=== Section Start ===

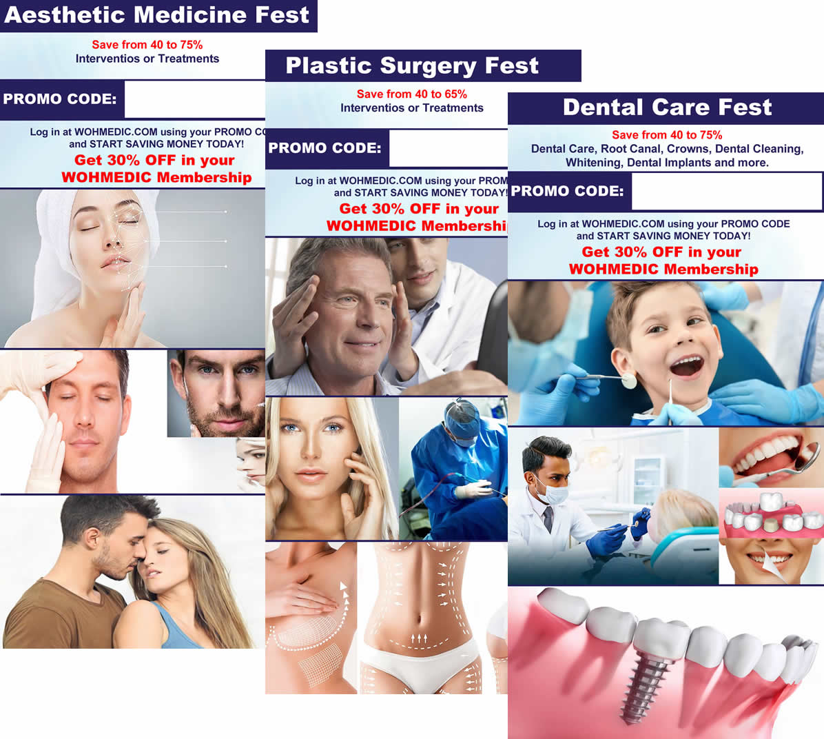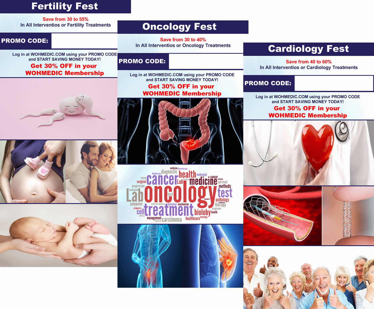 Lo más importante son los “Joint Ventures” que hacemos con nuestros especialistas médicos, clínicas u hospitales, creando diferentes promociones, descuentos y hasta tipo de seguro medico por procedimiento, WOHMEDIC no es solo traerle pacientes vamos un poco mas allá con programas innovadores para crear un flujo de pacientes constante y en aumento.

=== Section End ===
=== Section Start ===

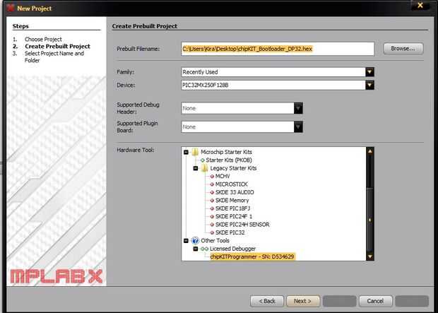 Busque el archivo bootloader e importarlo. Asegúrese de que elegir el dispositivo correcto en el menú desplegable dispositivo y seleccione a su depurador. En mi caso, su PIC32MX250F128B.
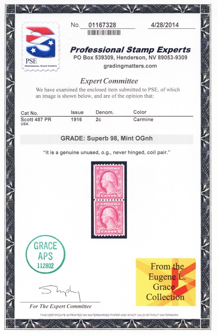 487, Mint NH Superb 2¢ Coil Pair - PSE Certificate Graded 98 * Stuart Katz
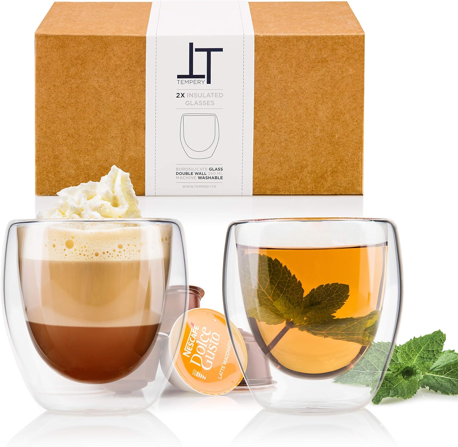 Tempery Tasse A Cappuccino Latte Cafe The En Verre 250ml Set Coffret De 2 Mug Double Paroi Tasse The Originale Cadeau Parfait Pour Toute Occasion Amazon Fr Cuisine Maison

=== Section End ===

=== TRY IT ===
Word for word, retype the lines in the entries above that run from the one with "487, Mint NH" through the one with "Tempery Tasse A". Both ends count; pictures do not.

=== EXERCISE SOLUTION ===
 487, Mint NH Superb 2¢ Coil Pair - PSE Certificate Graded 98 * Stuart Katz
 Tempery Tasse A Cappuccino Latte Cafe The En Verre 250ml Set Coffret De 2 Mug Double Paroi Tasse The Originale Cadeau Parfait Pour Toute Occasion Amazon Fr Cuisine Maison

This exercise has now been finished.